Authored by mjg on Nov 8 2022, 12:04 AM.

Details

Reviewers

Summary

commit a0a4dd9dcb2c947aa0fb46f0f8641b13c8b9c694
Author: Mateusz Guzik <mjg@FreeBSD.org>
Date:   Mon Nov 7 23:43:30 2022 +0000

    Stop sync restarts on vget failure due to doomed vnode
    
    All implementations look copy-pasted from ufs.
    
    Restart was there already in the initial BSD 4.4 Lite import, most
    likely used to damage control broken linkage should the target vnode
    "change identity".
    
    This definitely is not a problem.

Diff Detail

Lint

Lint Skipped

Unit

Tests Skipped

Event Timeline

mjg created this revision.Nov 8 2022, 12:04 AM

Herald added a subscriber: imp. · View Herald TranscriptNov 8 2022, 12:04 AM

mjg requested review of this revision.Nov 8 2022, 12:04 AM

I do not think it is correct/intended to return from ffs_sync() if we saw and skipped a doomed vnode. It might be still dirty, and some other thread works on finishing syncing it. If we return ignoring the vnode, the VFS_SYNC contract is broken.

but dooming keeps the vnode locked the entire time, thus by that time vget succeds and sees ENOENT, there is nothing to do there.

I also note the loop can trivially race against a just remove vnode.

If you are worried about htel ock be temporarily dropped somewhere, the code can explicitly check for VBAD which is only set at the end.

In D37306#856338, @mjg wrote:

but dooming keeps the vnode locked the entire time, thus by that time vget succeds and sees ENOENT, there is nothing to do there.

I also note the loop can trivially race against a just remove vnode.

If you are worried about htel ock be temporarily dropped somewhere, the code can explicitly check for VBAD which is only set at the end.

The point is that, if you do not wait for unlock, dirty data might not reach the storage when ffs_sync() returns.

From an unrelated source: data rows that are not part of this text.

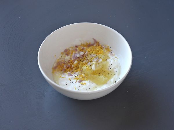 Den griechischen Joghurt mit den Supremes, etwa 3/4 der Zesten (der Rest wird zum Garnieren verwendet), den Schalotten, Salz und Pfeffer verrühren.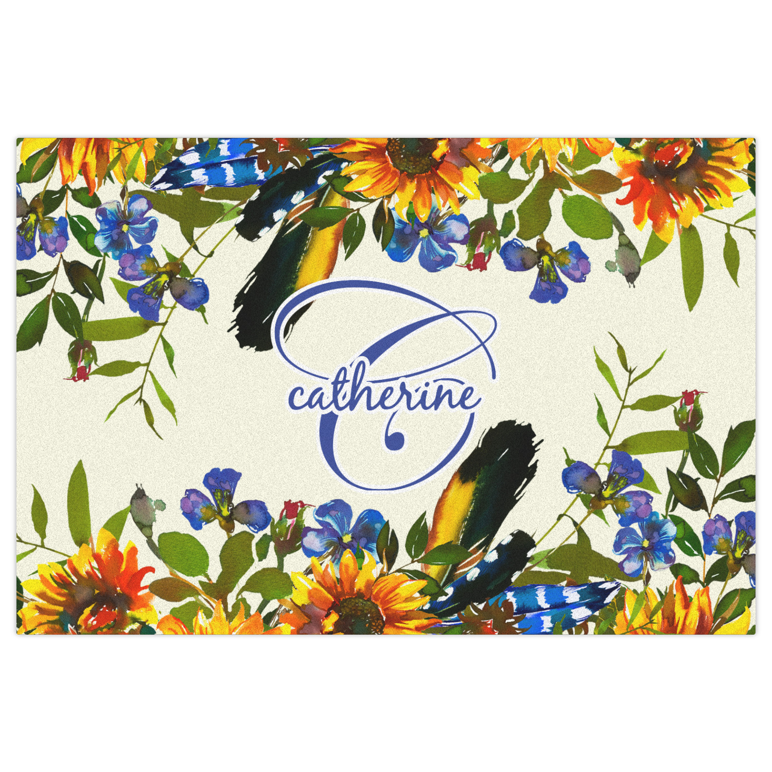 This sunflowers design template is simply beautiful. We chose to personalize it with a name & initial for the main design. We used the blue from the flower in the design and a really pale yellow background.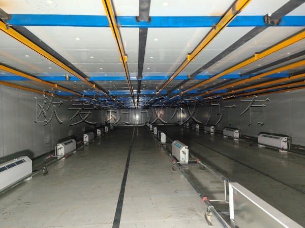此次我們?yōu)榭蛻艏揖咚云岷娓墒褂枚ㄖ圃O(shè)計(jì)的烘干熱泵機(jī)組來實(shí)現(xiàn)的。我們根據(jù)生產(chǎn)線作業(yè)需要,配置了3臺(tái)歐麥朗熱泵烘干機(jī),一個(gè)500平的烘房,在烘房頂部配置了自動(dòng)懸掛線。烘房?jī)?nèi)部均勻擺放多臺(tái)風(fēng)機(jī)盤管,用于高溫?zé)犸L(fēng)的輸送。當(dāng)水性漆噴涂完畢后,家具由懸掛線進(jìn)入烘房?jī)?nèi),再由高溫?zé)犸L(fēng)烘干后在輸送出烘房。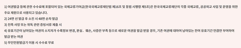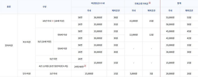 5년 유효기간의 여권 및 미성년자의 여권 발급 수수료는 아래를 확인하시기 바랍니다.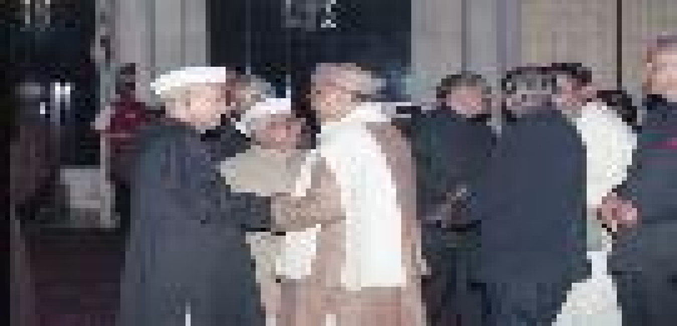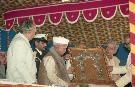 The President of India, Dr. Shankar Dayal Sharma meeting with Jainacharya Jayantsen Surishwarji Maharaj and receives Anekant Ratna, at the Jainacharya Jayanstsen Suri Foundation Trust Function, in Mumbai on January 09, 1996.

In D37306#856371, @kib wrote:

In D37306#856338, @mjg wrote:

but dooming keeps the vnode locked the entire time, thus by that time vget succeds and sees ENOENT, there is nothing to do there.

I also note the loop can trivially race against a just remove vnode.

If you are worried about htel ock be temporarily dropped somewhere, the code can explicitly check for VBAD which is only set at the end.

The point is that, if you do not wait for unlock, dirty data might not reach the storage when ffs_sync() returns.

But the code *is* waiting for unlock with and without the patch. The difference is that the patched variant does not loop when it happens.

Excluding variants which pass LK_NOWAIT, in which case this does not matter.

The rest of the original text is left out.